In link I supply information for how time flowed. In this basic plot, the 1st entry in the label (index = 0) is the source of all time. That is, all the hours in the week come from here. Then the target is to the difference indexes corresponding to the different categories. Since this Sankey diagram is pretty simple, I only have 1 entry for each target. Thus, corresponding to each source and target entry, I have the amount that was moved to there.
If I make this Sankey diagram, I obtain the following:
This is a simple Sankey diagram, with no styling. You will notice that the default behavior is to sort the flows by size!
But I can also make a more complex Sankey diagram. If you look back at the time tracking, you might notice that I use color coding. That is both SC 103N entries and CHEM 110H entries are green. This is because, they are both courses I teach. Thus, I could try to group them into this category, and then further split them. I can do this, simply by adding a teaching category, and then adding the appropriate numbers.
from plotly.subplots import make_subplots
sankey = make_subplots()
sankey.add_sankey(
node = dict(
label = ["hours in week", "email", "CHEM 110H", "SC 103N", "Research", "Service", "Sleep", "Free time", "teaching"],
),
link = dict(
source = [0, 0, 0, 0, 0, 0, 0, 1, 2 ] ,
target = [1, 2, 3, 4, 5, 6, 7, 8, 8 ],
value = [389, 638, 694, 291, 1016, 3360, 3692, 683, 694 ]
)
)
sankey.update_layout(title = "During the week of 09/29/2025, most of my time was spent out of work")
sankey.show("png")
Where I have simply added in the last two flows to the end of the nodes and links. This produces:
This isn’t too bad, but it might be nice to have teaching where it is, and then further split out the teaching components.
This can, in part, by done by changing the order things are provided in. For instance, we can move teaching earlier, and re-number everything accordingly:
from plotly.subplots import make_subplots
sankey = make_subplots()
sankey.add_sankey(
node = dict(
label = ["hours in week", "email", "teaching", "CHEM 110H", "SC 103N", "Research", "Service", "Sleep", "Free time"],
),
link = dict(
source = [0, 0, 2, 2, 0, 0, 0, 2, ] ,
target = [1, 2, 3, 4, 5, 6, 7, 8, ],
value = [389, 1377, 683, 694, 291, 1016, 3360, 3692,]
)
)
sankey.update_layout(title = "During the week of 09/29/2025, most of my time was spent out of work")
sankey.show("png")
which provides:
But it doesn’t fully capture the look we want. I want “teaching” top be on the same column as “free time” and then the two classes to extend beyond that. But, we can define the position of the nodes as well, if we want. We can do both the horizontal (x) and vertical (y) positions, but here we only need the horizontal. However, if we are going to explicitly provide x-positions, then we need to provide y-positions as well.

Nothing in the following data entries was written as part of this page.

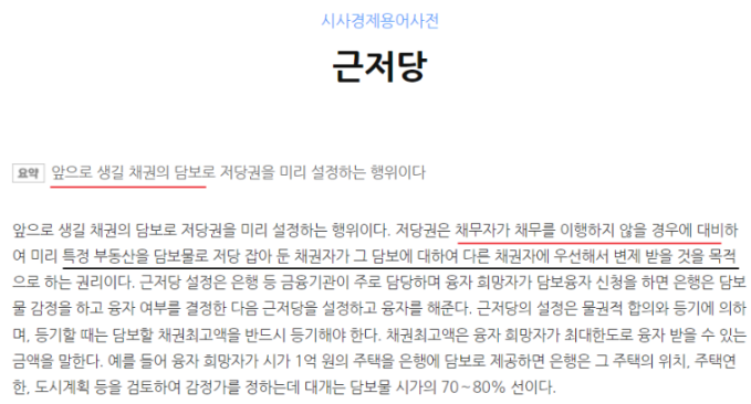 근저당권은 앞으로 생길 채권의 담보로 해당 부동산에 저당권을 미리 설정하는 행위입니다. 근저당권은 채무자가 채무를 이행하지 않을 경우에 미리 대비하여 특정 부동산을 담보물로 저당을 잡아둔 채권자가 추후 그 담보물에 대해 다른 채권자에 우선해서 변제를 받을 것을 목적으로 하는 것입니다.
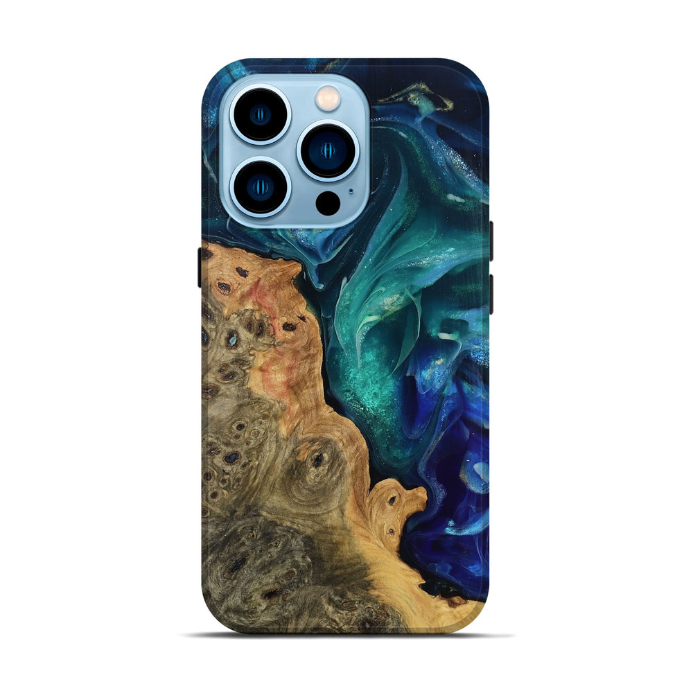 Our Live Edge cases are made from an amazing combination of stabilized wood burl and colored resin. Our stabilization process hardens the wood to protect against cracks and breaks. We do every step of the process at our shop in Northern Indiana. Perfectly fits the iPhone 14 Pro.
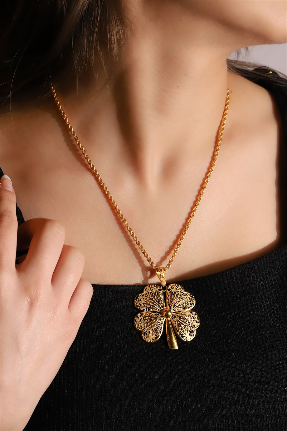 Zarif ve Anlamlı: 22 Ayar Altın Hint İşi Yonca Kolye Ucu
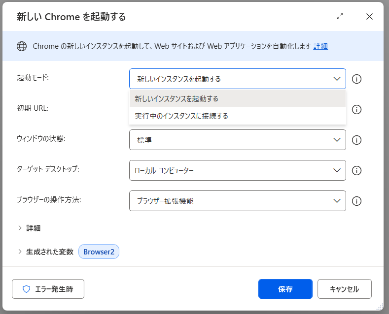 「新しいChromeを起動する」は、Chromeを起動し、PADから操作可能な状態にするアクションです。

import plotly.graph_objects as go
sankey = go.Figure(go.Sankey(
node = dict(
label = ["hours in week", "email", "teaching", "CHEM 110H", "SC 103N", "Research", "Service", "Sleep", "Free time"],
x = [0, 0.5, 0.5, 1, 1, 0.5, 0.5, 0.5, 0.5],
y = [0.5, 0.1, 0.2, 0.15, 0.25, 0.3, 0.4, 0.6, 0.85],
),
link = dict(
source = [0, 0, 2, 2, 0, 0, 0, 0], # Corrected length to match others
target = [1, 2, 3, 4, 5, 6, 7, 8],
value = [389, 1377, 683, 694, 291, 1016, 3360, 3692]
)
))
sankey.update_layout(title_text="During the week of 09/29/2025, most of my time was spent out of work")
sankey.show("png")
The added x and y positions are in terms of relative position, left to right, top to bottom.

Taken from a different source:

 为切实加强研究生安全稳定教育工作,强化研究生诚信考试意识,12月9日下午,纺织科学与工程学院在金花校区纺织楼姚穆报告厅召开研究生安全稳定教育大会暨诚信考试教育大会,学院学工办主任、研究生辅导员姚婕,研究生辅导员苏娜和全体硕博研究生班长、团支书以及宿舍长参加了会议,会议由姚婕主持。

The automatic ordering has been lost, so we might want to think about this some more. Additionally, we might want to change the color of the linkers, or the outlines on the nodes, or even other things. There is a great deal of flexibility, which you can learn from reading the documental, or talking to me during class. But for now, the point has been made. We can create a Sankey diagram to represent flows.